Assigned task
The output should match, line for line, the records from the line containing "Арепа: сэндвич из" through the line containing "古城河畔的夜 灯火璀璨", with every picture left out.

Data under study

###

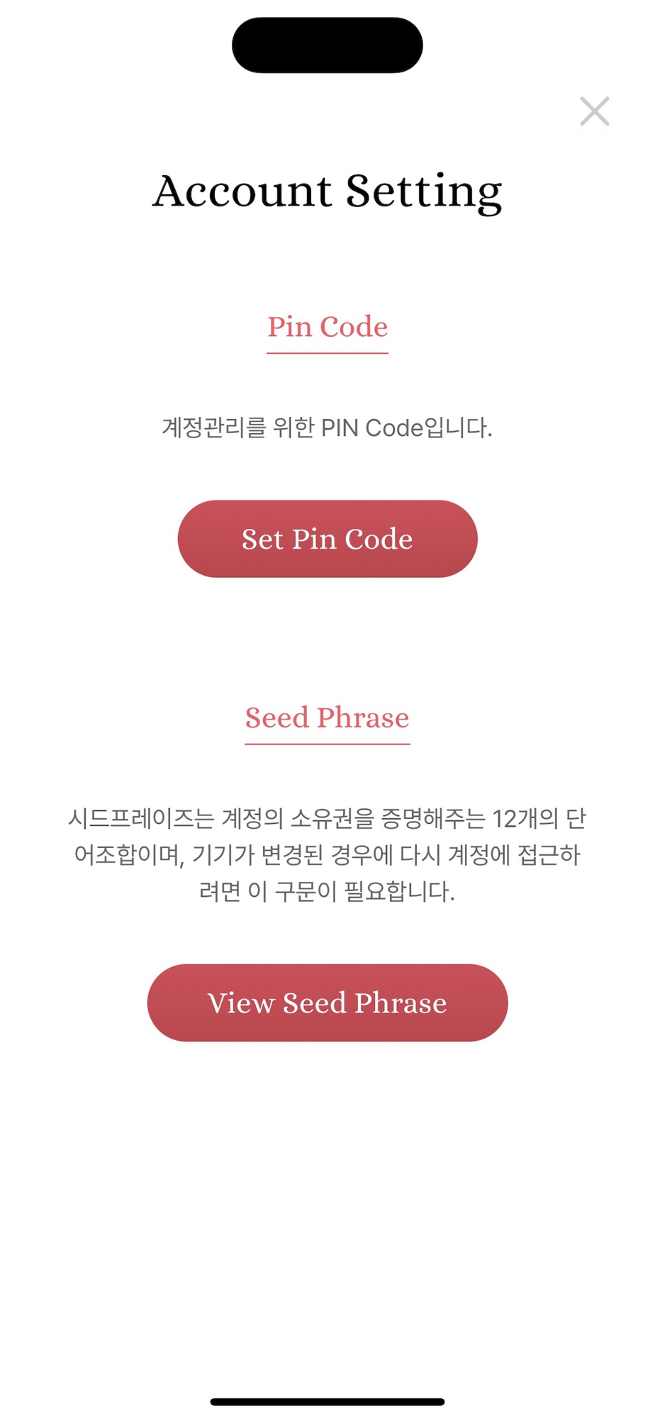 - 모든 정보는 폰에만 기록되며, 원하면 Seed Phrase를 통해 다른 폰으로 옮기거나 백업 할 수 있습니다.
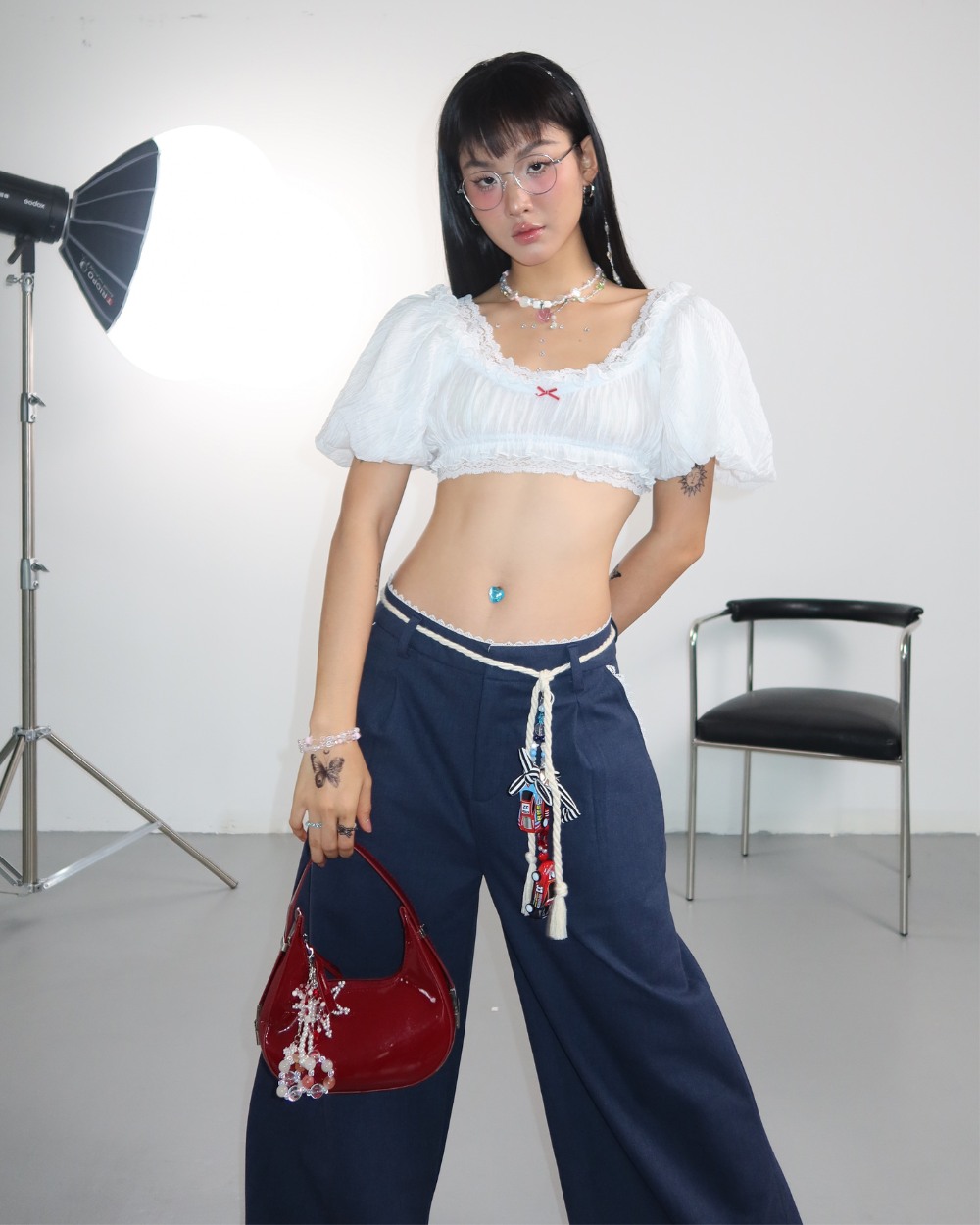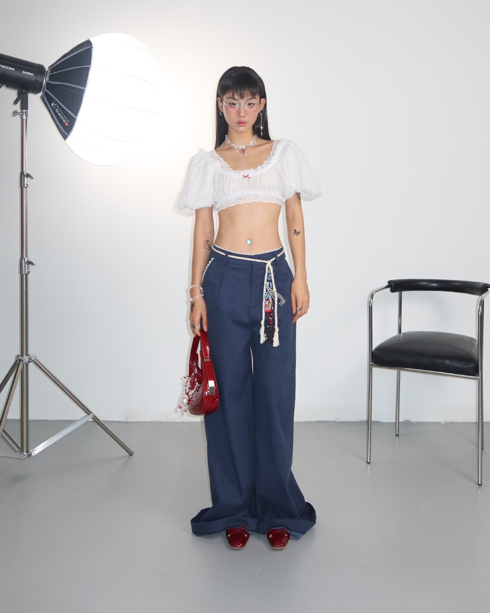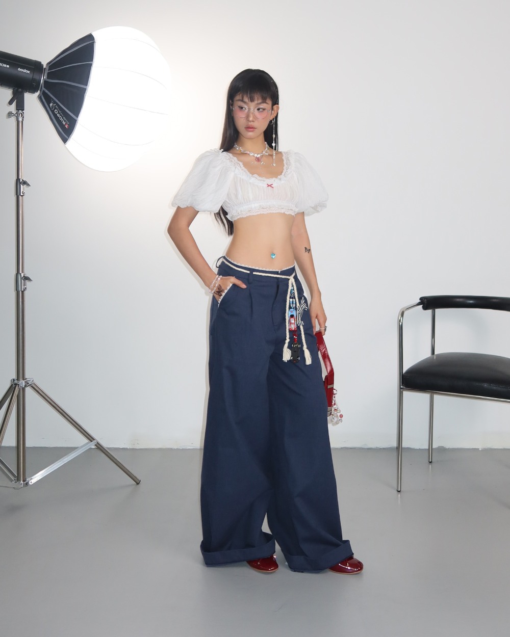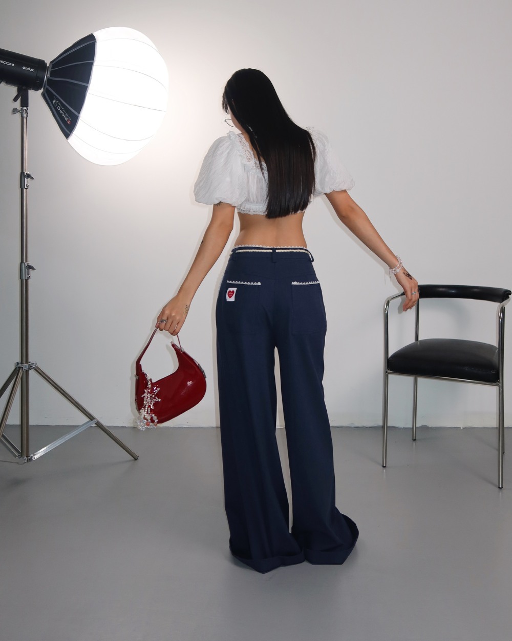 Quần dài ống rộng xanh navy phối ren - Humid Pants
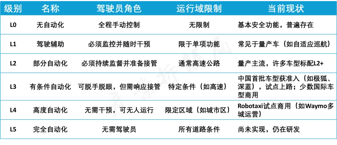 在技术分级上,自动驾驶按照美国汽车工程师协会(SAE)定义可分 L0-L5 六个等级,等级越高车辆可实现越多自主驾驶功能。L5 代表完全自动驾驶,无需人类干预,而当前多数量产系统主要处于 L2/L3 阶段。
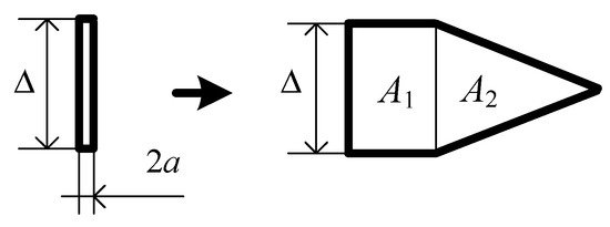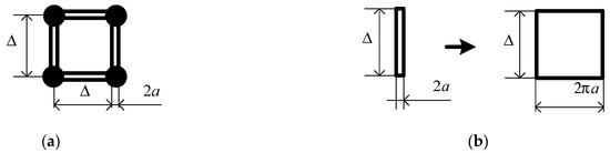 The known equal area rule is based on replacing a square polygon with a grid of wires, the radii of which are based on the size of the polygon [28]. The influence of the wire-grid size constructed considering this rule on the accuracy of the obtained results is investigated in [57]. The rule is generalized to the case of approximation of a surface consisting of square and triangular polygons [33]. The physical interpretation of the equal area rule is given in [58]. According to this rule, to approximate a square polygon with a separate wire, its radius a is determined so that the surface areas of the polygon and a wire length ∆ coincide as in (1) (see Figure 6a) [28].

###

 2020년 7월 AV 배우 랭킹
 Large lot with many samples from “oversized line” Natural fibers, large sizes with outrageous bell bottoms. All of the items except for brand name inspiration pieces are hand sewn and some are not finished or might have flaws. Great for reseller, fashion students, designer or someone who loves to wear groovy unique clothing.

###

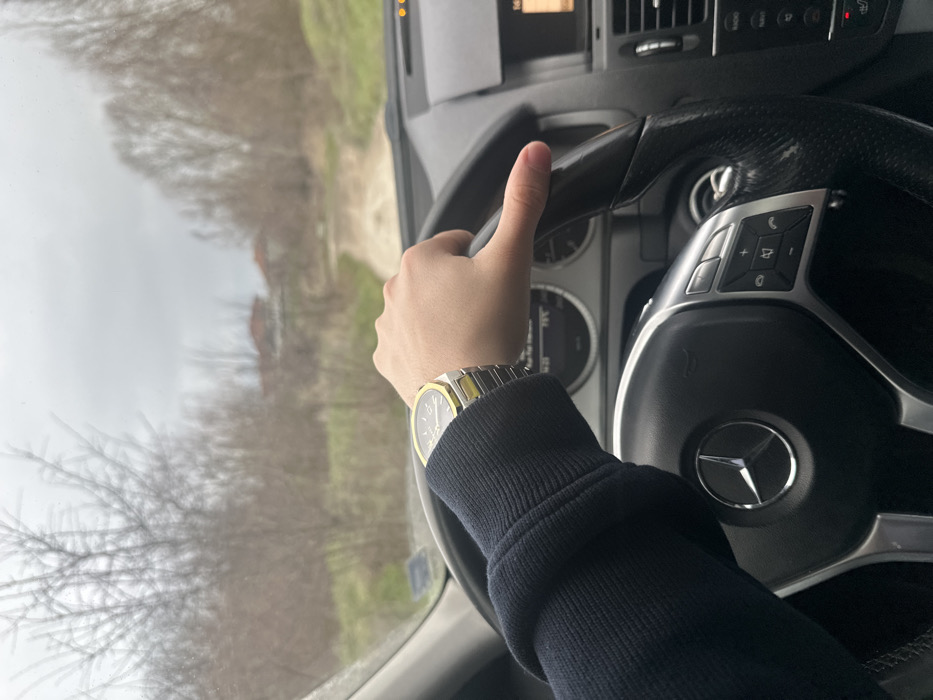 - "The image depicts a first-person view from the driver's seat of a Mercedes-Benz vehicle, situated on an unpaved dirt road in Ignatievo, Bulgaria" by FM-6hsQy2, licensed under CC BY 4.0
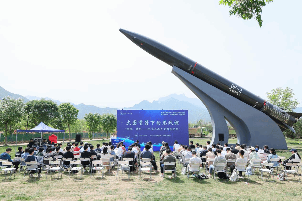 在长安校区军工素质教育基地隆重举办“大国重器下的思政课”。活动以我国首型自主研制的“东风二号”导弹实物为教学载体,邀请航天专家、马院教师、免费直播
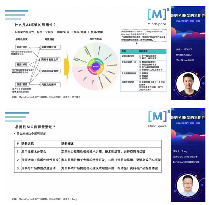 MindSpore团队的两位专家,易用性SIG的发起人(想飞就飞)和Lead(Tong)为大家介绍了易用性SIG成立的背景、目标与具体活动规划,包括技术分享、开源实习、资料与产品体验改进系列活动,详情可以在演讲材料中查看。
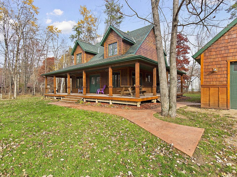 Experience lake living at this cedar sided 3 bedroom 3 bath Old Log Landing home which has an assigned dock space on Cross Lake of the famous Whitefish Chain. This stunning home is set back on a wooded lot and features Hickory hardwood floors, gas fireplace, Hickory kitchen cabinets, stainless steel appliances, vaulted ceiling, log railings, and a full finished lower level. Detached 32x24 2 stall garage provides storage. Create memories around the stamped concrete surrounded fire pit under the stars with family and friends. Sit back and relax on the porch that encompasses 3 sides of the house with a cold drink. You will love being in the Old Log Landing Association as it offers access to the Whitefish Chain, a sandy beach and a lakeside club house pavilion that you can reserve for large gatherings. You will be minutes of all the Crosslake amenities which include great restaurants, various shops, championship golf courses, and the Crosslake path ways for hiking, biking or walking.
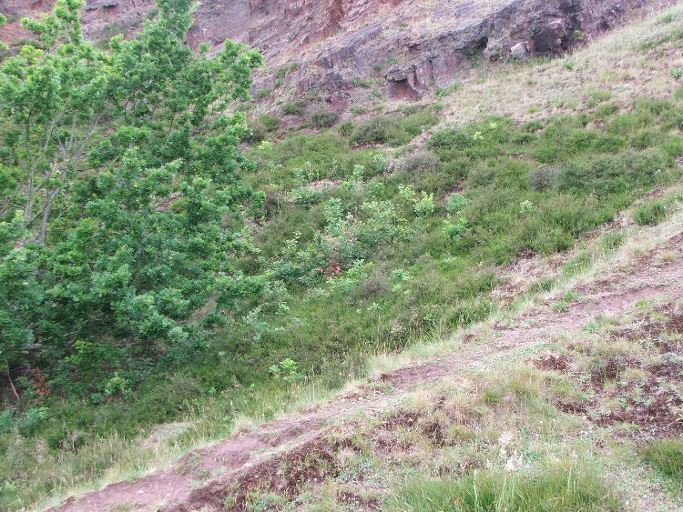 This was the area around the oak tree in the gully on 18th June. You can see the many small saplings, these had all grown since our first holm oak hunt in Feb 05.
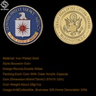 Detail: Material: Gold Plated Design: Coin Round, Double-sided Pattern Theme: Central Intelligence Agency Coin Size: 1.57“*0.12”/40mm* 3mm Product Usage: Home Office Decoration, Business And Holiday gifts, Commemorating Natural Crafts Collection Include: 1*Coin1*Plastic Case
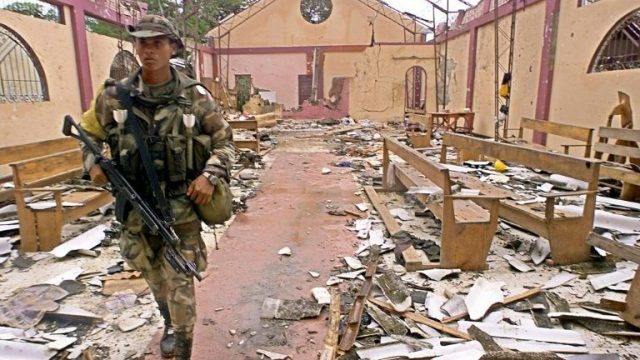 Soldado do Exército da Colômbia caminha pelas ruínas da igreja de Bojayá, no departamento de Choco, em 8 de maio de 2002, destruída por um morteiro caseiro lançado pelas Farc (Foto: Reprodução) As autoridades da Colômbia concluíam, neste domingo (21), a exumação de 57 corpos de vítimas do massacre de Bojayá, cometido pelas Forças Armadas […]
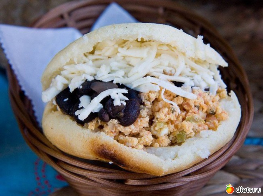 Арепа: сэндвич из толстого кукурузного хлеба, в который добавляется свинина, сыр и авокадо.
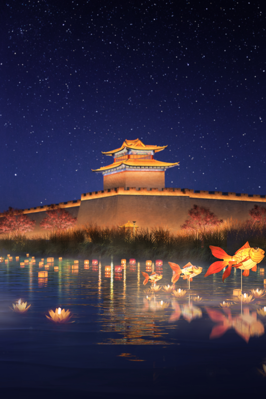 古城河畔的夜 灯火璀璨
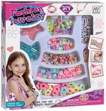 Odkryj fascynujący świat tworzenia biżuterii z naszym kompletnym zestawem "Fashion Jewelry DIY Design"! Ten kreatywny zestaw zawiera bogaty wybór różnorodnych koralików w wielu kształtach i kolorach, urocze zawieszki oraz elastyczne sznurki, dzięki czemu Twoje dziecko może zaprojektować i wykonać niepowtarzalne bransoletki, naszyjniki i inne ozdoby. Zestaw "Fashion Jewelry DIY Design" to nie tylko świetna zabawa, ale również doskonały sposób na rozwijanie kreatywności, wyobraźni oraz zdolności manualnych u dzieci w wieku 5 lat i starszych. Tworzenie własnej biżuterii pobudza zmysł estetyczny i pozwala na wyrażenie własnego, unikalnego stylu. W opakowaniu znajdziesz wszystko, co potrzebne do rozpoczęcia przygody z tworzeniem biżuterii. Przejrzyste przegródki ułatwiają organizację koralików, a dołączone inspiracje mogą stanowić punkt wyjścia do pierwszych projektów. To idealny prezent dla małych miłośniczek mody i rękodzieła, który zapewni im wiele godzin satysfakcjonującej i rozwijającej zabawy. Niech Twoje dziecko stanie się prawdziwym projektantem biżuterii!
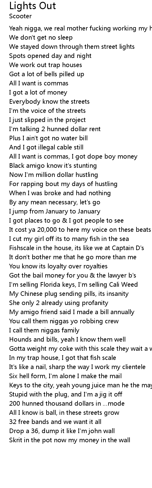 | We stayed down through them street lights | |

###

Response to the exercise
 Арепа: сэндвич из толстого кукурузного хлеба, в который добавляется свинина, сыр и авокадо.
 古城河畔的夜 灯火璀璨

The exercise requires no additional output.